Token-as-a-Service (TaaS) is described as a closed-end fund designated to blockchain. The goal of TaaS is to reduce risks and eliminate technical barriers for those that want to invest in blockchain. Other goals are to expand market understanding, and increase transparency.
Token-as-a-Service as a business model is a transparent fund consisting of cryptocurrencies and tokens. Instead of investing in a fund that is managed by human managers, TaaS allows investors to gain capital through the rise of the blockchain markets. It does this by removing technical barriers that prevent people from getting into cryptocurrency trading.
Token-as-a-Service works like a company that is going public through an initial public offering. The company sells a limited number of shares at a set price. They enter a stock trading market and the price of the stock fluctuates based on perceived value of the company through its business, products, contracts and management movements.

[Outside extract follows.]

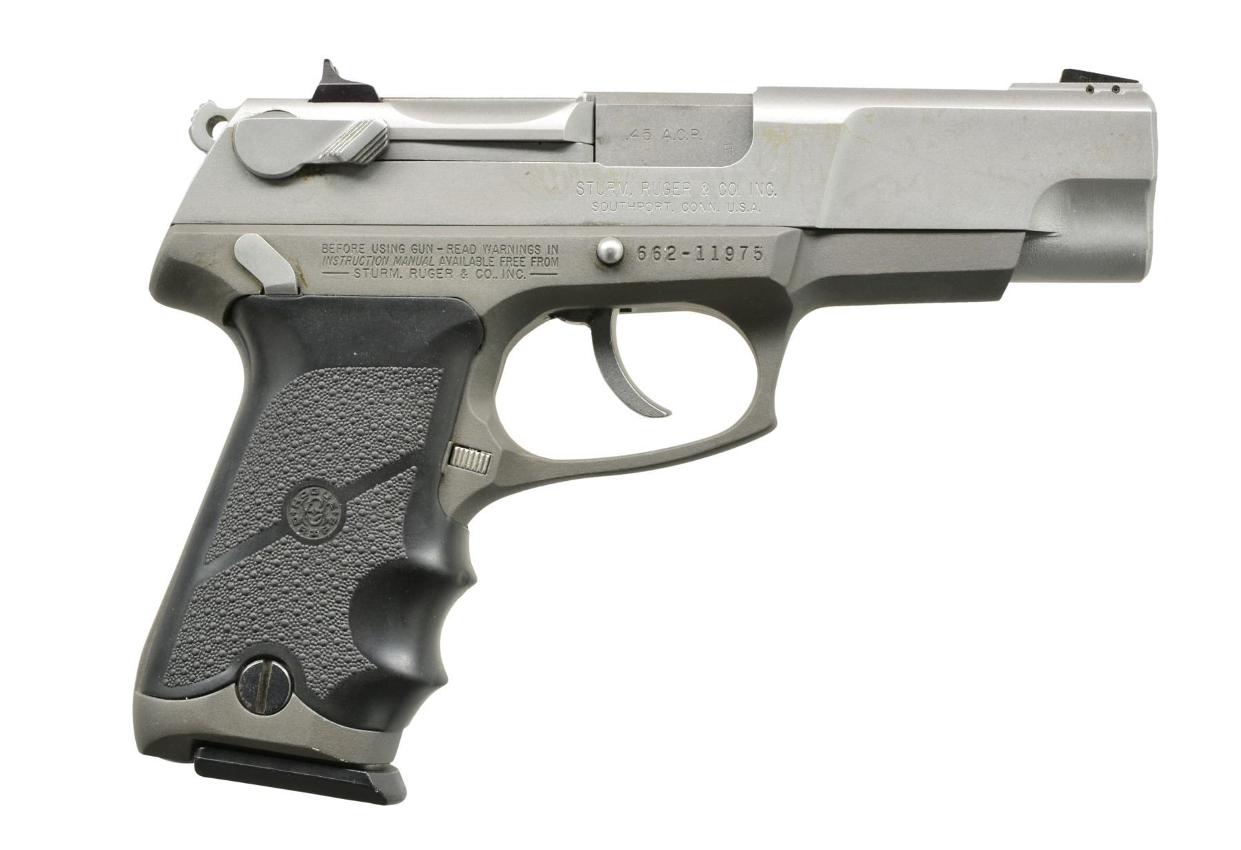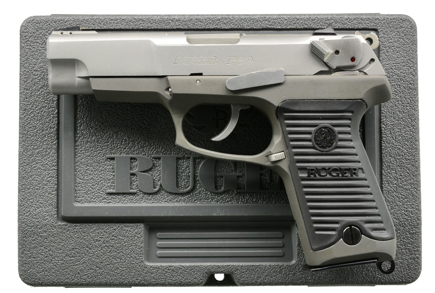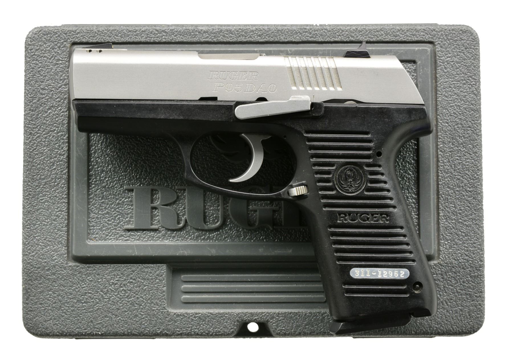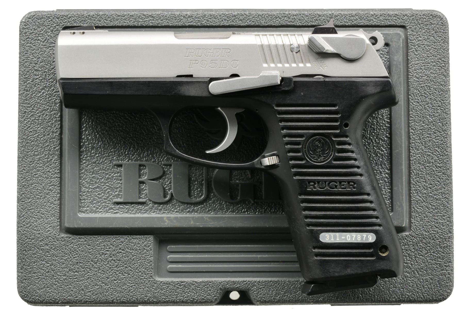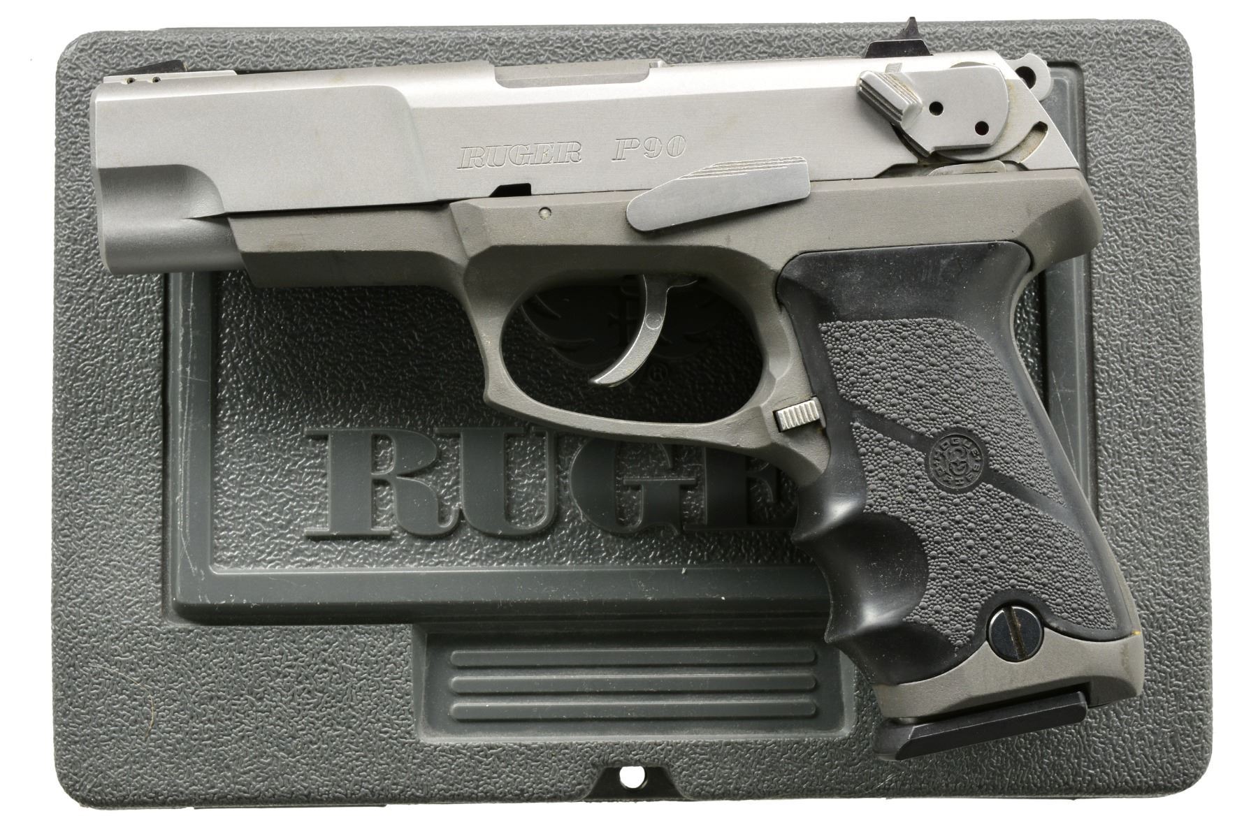 ALL: blued fixed 3 dot sight sets. CONDITION: all aspects of the 4 pistols near excellent including bores. 1) MODEL P90. Cal. 45 ACP. S# 662-11975. Bbl. 4 1/2". Mfg. 2000 w/ matte alloy frame having Hogue finger grooved grips. Ambidextrous safety. MAGS: 3 factory 8 rd. UNATTACHED ACCESSORIES: original factory gray plastic case w/ packaging. (20-267/NW). 2) MODEL P95DC. Cal. 9mm Luger. S# 311-07879. Bbl. 3.9". Mfg. 1996 w/ polymer frame having ambidextrous mag. release. Ambidextrous decocking lever; no safety. MAGS: 1 factory 10 rd., & 1 factory 15 rd. UNATTACHED ACCESSORIES: original factory gray plastic case w/ packaging. (20-273/NW). 3) MODEL P95DAO. Cal. 9mm Luger. S# 311-12962. Bbl. 3.9". Mfg. 1996 w/ polymer frame having ambidextrous mag. release. DAO; no safety. MAGS: 2 factory 10 rd. stainless. UNATTACHED ACCESSORIES: original factory gray plastic case w/ packaging. (20-274/NW). 4) MODEL P89. Cal. 9mm Luger. S# 307-14144. Bbl. 4 1/2". Mfg. 1993 w/ matte alloy frame having standard Ruger logo plastic grips & ambidextrous mag. release. Ambidextrous safety. MAGS: 2 factory 15 rd. UNATTACHED ACCESSORIES: factory gray plastic case w/ packaging; no label. (20-275/NW). ALL MODERN. $ 900-1,400.

TaaS Initial Coin Offering vs. Constant New Investment
Token-as-a-Service is currently in its IPO phase, called an Initial Coin Offering (ICO). That makes TaaS a closed-end fund as there is only a single investment period. Once that is ended, investors are then owners of tokens and these tokens grow in value over time. This give the investors the ability to gather quarterly profits equal to 50% of the total profits for that time period. Another 25% of the profits are automatically reinvested into the fund. This eliminates the need for further investment. It also means that each token rises in value over time.
Token-as-a-Service Smart Contracts
Smart Contracts are how TaaS offers payout distribution in an honest and transparent way. Because the Token-as-a-Service fund is run with its own Cryptographic Audit (CA) technology, it means anyone, whether they are an investor or not, are able to track trading history and fund portfolio balances via Proof of Reserves, Regular Blockchain Snapshots and APIs that allow for viewing of the data.
Token-as-a-Service Cryptocurrency Portfolio Management
TaaS is building Kepler which is its own cryptocurrency portfolio management and analytics. Kepler’s development will be funded by TaaS profits and the first phase is set for beta in the second half of 2017. Kepler is designed to help in the following areas.
- Market research
- Due diligence
- Order management
- Risk exposure
- Performance forecasting
The Token-as-a-Service Cryptographic Audit is being created through a partnerships with Ambisafe. That is an Ethereum platform. The CA removes escrow, gives investors better control over the profits, and transparency of the capital distribution.
TaaS Eliminates Risk
Token-as-a-Service investors have little to no risk through several features including the transparency previously discussed, the building of the TaaS Reserve Fund, and the smart contracts. The smart contracts determine how and if capital is disbursed based on TaaS growth, or in the case of a loss.
TaaS Reserve Fund
The Token-as-a-Service Reserve Fun will be built from 10% of the ICO funds, and 25% of profits reinvested quarterly. It will include a low-risk investment in Bitcoin (up to 30% of the reserve fund) for constant liquidity. The Reserve Fund will never be less than 10% or more than 30% of total portfolio size. This gives TaaS enough capital to liquidate some memberships in case of market panic due to Ethereum blockchain collapse.
Token-as-a-Service will be the first closed-end fund with the ability to provide a continuous return on its Initial Coin Offering. It ensures that there is always capital in the fund and there will be no further investment after the ICO. Those who invest in the ICO are also given one year of free access to Kepler. The token they receive as part of the ICO acts as a Proof-of-Membership (PoM). The tokens, once issued, will be able to be traded on all cryptocurrency exchanges if an investor desires to sell theirs. This is equivalent to cashing out of TaaS by selling their PoM token, presumably for a profit.